John Cree (Sam Reid) is an unsuccessful playwright unexpectedly found dead at home. As is usually the case, the first person we suspect of being involved with his death is the one closest to him. Elizabeth (Olivia Coke) is his wife and the fact that there were known problems in the marriage paints her as suspect number one.
Meanwhile, a new inspector has been assigned at Scotland Yard to investigate the serial killer that has been named Limehouse Golem. The inspector is John Kildare (Bill Nighy), and he is not comfortable with his assignment. A few more highly thought of detectives have already failed to solve the series of murders, leaving him wondering how he will be the answer. Complicating his task are the rumors that he might be homosexual.
The two plot lines quickly merge and Kildare finds himself believing the already imprisoned Elizabeth's story as she awaits her pending trial on murder charges. What causes the plots to merge is the murdered Mr. Cree becoming a suspect in the series of murders, in Kildare's view. Clouding everything is a seemingly endless series of story paths that wind up dead ends. Director Medina is perhaps too much of a fan of red herrings. The effect leads you to doubt everything you see while you wait for the truth. By the time you find out what's really going on, you can't help but feel manipulated to the point of resentment.

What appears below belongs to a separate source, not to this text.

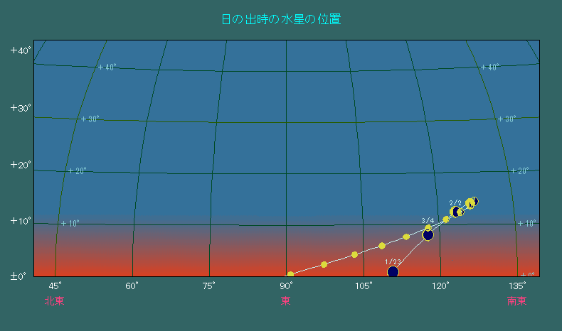 日の出時刻における水星の位置変化 |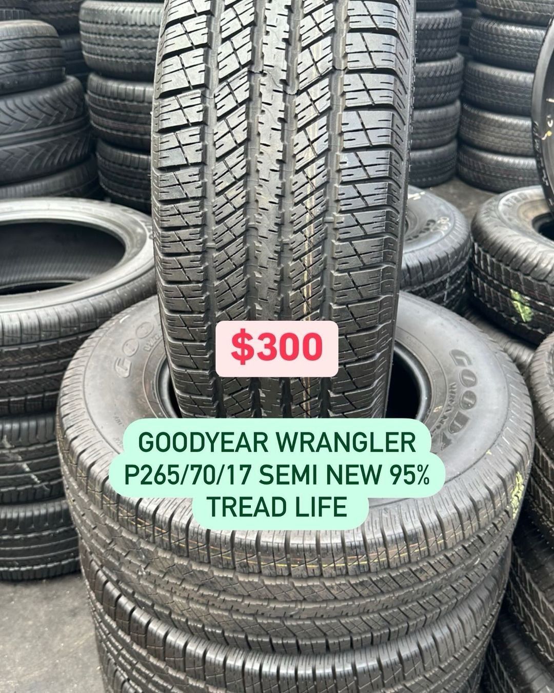 FOUR GOOD USED TIRES 95%TREAD LIFE. 265/70/17 GOODYEAR WRANGLER. BRAND NEW TIRES ANY SIZE. 265/70/17, 265/65/17, 245/70/17, 255/70/18, 235/55/18, 22

Despite its shortcomings, there are good aspects to "The Limehouse Golem." The cast is universally good, especially Nighy, Cooke, and Eddie Marsan in a supporting role. I've become a big fan of Marsan over the last few years and his role here adds a nice notch to his growing portfolio of work. The film is also beautiful to look at, so it's worth giving a nod to Simon Dennis as the cinematographer.
Nevertheless, it's all just a bit too cluttered to recommend. In Jewish folklore, a golem is an anthropomorphic being that is magically created entirely from inanimate matter. However, this golem never does come to life.